Repeat the data that follows in full. Do not include the pictures.
(Beginning of DATA TO PROCESS)
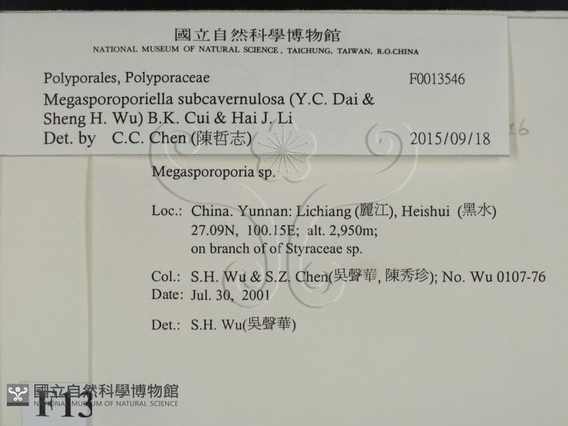Megasporoporiella subcavernulosa (Y.C. Dai & Sheng H. Wu) B.K. Cui & Hai J. Li
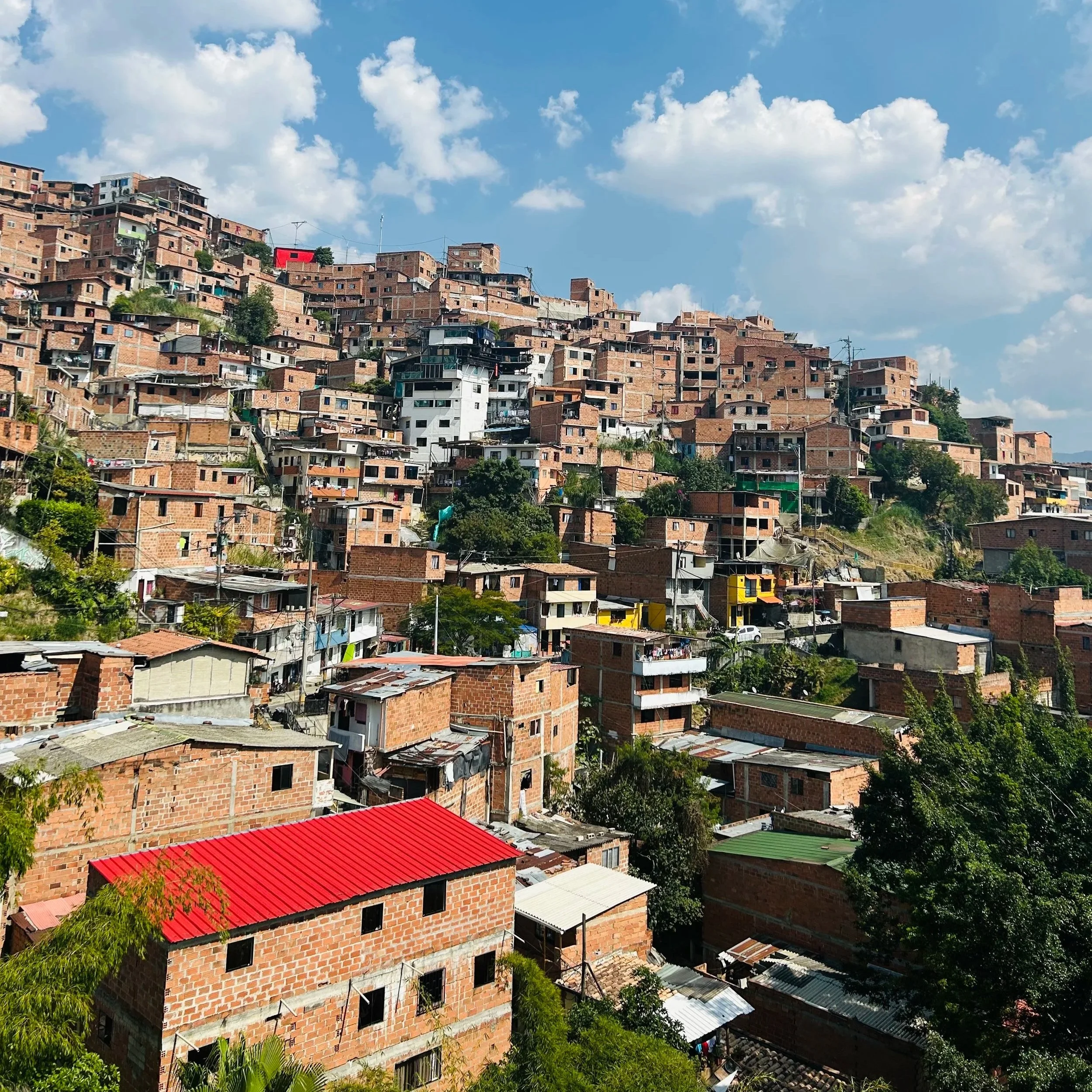 Once farmland, Comuna 13 was settled by a low socioeconomic group in the 1970s. Back then there was no public transit so residents had to suffer an arduous hike to get in or out of the mountain. With no access to education or jobs, people turned to gangs and drugs for money.
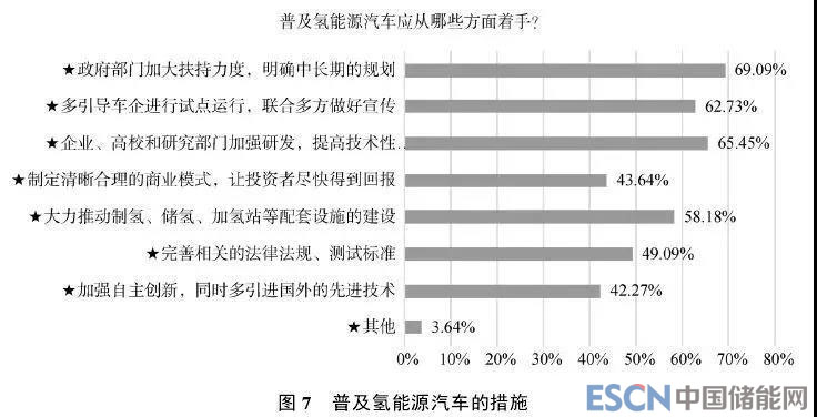 汽車產(chǎn)業(yè)牽涉到科技、文化、經(jīng)濟(jì)等多個(gè)社會(huì)領(lǐng)域,代表著國(guó)家的發(fā)展意志,因此政府的政策支持與引導(dǎo)就顯得尤為重要。《調(diào)查》中顯示,對(duì)于普及氫能源汽車應(yīng)從哪些方面著手?(如圖7)超過半數(shù)的民眾都支持以下幾個(gè)方面:①政府部門加大扶持力度,明確中長(zhǎng)期的規(guī)劃;@企業(yè)、高校和研究部門加強(qiáng)研發(fā),提高技術(shù)性能,同時(shí)降低生產(chǎn)成本;③多引導(dǎo)車企進(jìn)行試點(diǎn)運(yùn)行,聯(lián)合多方做好宣傳;④大力推動(dòng)制氫、儲(chǔ)氫、加氫站等配套設(shè)施的建設(shè)。由此可見,普及氫能源汽車,人們認(rèn)為對(duì)政策、科技和基礎(chǔ)設(shè)施的投入最為重要。
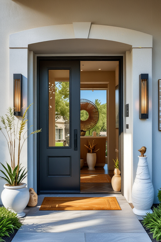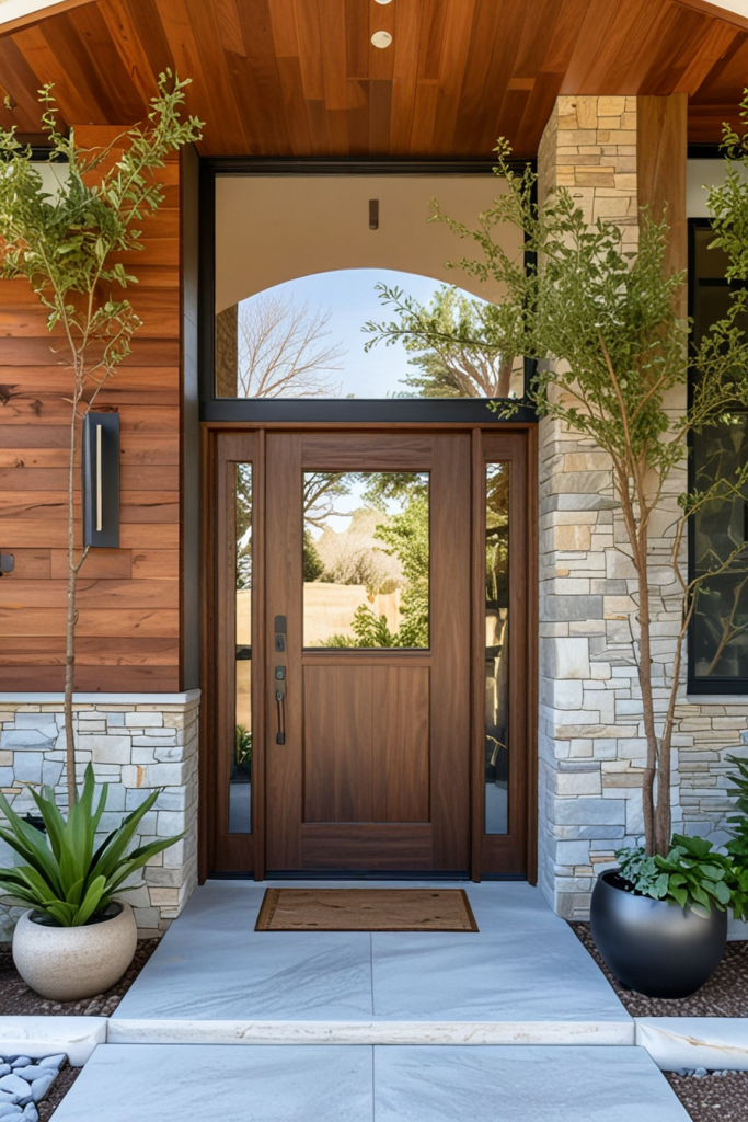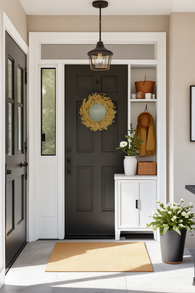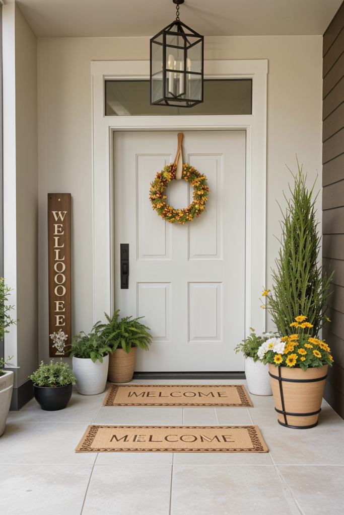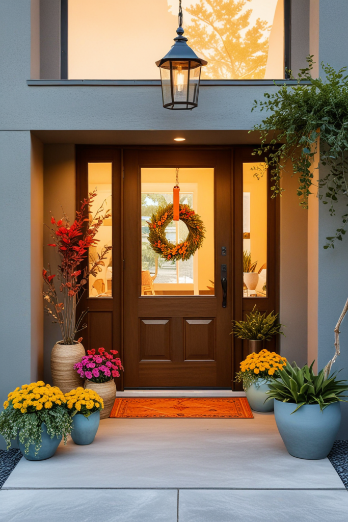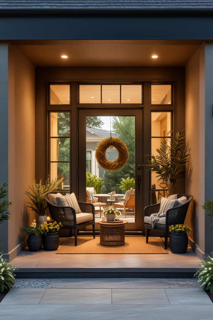 Incorporating natural materials like wood, stone or greenery into your front door decor creates a modern, cozy decor style. This strategy focuses on cooperation and sustainability by mixing carefully chosen outdoor elements with decorative ones. Nature greatly influences the overall look of entryways, making your home feel extremely warm and cozy.
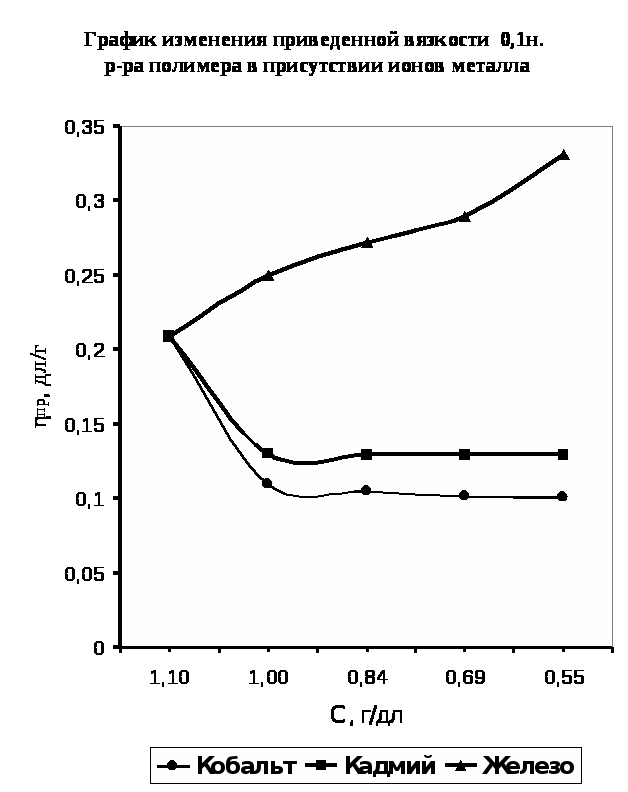 2. Изучено влияние температуры на стабильность образовавшихся комплексов. Было выяснено, что повышение температуры ведет к повышению приведенной вязкости, что свидетельствует о деструкционных процессах полимер-металлических комплексов.
(End of DATA TO PROCESS)
_WRITTEN SOLUTION_
Megasporoporiella subcavernulosa (Y.C. Dai & Sheng H. Wu) B.K. Cui & Hai J. Li
 Once farmland, Comuna 13 was settled by a low socioeconomic group in the 1970s. Back then there was no public transit so residents had to suffer an arduous hike to get in or out of the mountain. With no access to education or jobs, people turned to gangs and drugs for money.
 汽車產(chǎn)業(yè)牽涉到科技、文化、經(jīng)濟(jì)等多個(gè)社會(huì)領(lǐng)域,代表著國(guó)家的發(fā)展意志,因此政府的政策支持與引導(dǎo)就顯得尤為重要。《調(diào)查》中顯示,對(duì)于普及氫能源汽車應(yīng)從哪些方面著手?(如圖7)超過半數(shù)的民眾都支持以下幾個(gè)方面:①政府部門加大扶持力度,明確中長(zhǎng)期的規(guī)劃;@企業(yè)、高校和研究部門加強(qiáng)研發(fā),提高技術(shù)性能,同時(shí)降低生產(chǎn)成本;③多引導(dǎo)車企進(jìn)行試點(diǎn)運(yùn)行,聯(lián)合多方做好宣傳;④大力推動(dòng)制氫、儲(chǔ)氫、加氫站等配套設(shè)施的建設(shè)。由此可見,普及氫能源汽車,人們認(rèn)為對(duì)政策、科技和基礎(chǔ)設(shè)施的投入最為重要。
 Incorporating natural materials like wood, stone or greenery into your front door decor creates a modern, cozy decor style. This strategy focuses on cooperation and sustainability by mixing carefully chosen outdoor elements with decorative ones. Nature greatly influences the overall look of entryways, making your home feel extremely warm and cozy.
 2. Изучено влияние температуры на стабильность образовавшихся комплексов. Было выяснено, что повышение температуры ведет к повышению приведенной вязкости, что свидетельствует о деструкционных процессах полимер-металлических комплексов.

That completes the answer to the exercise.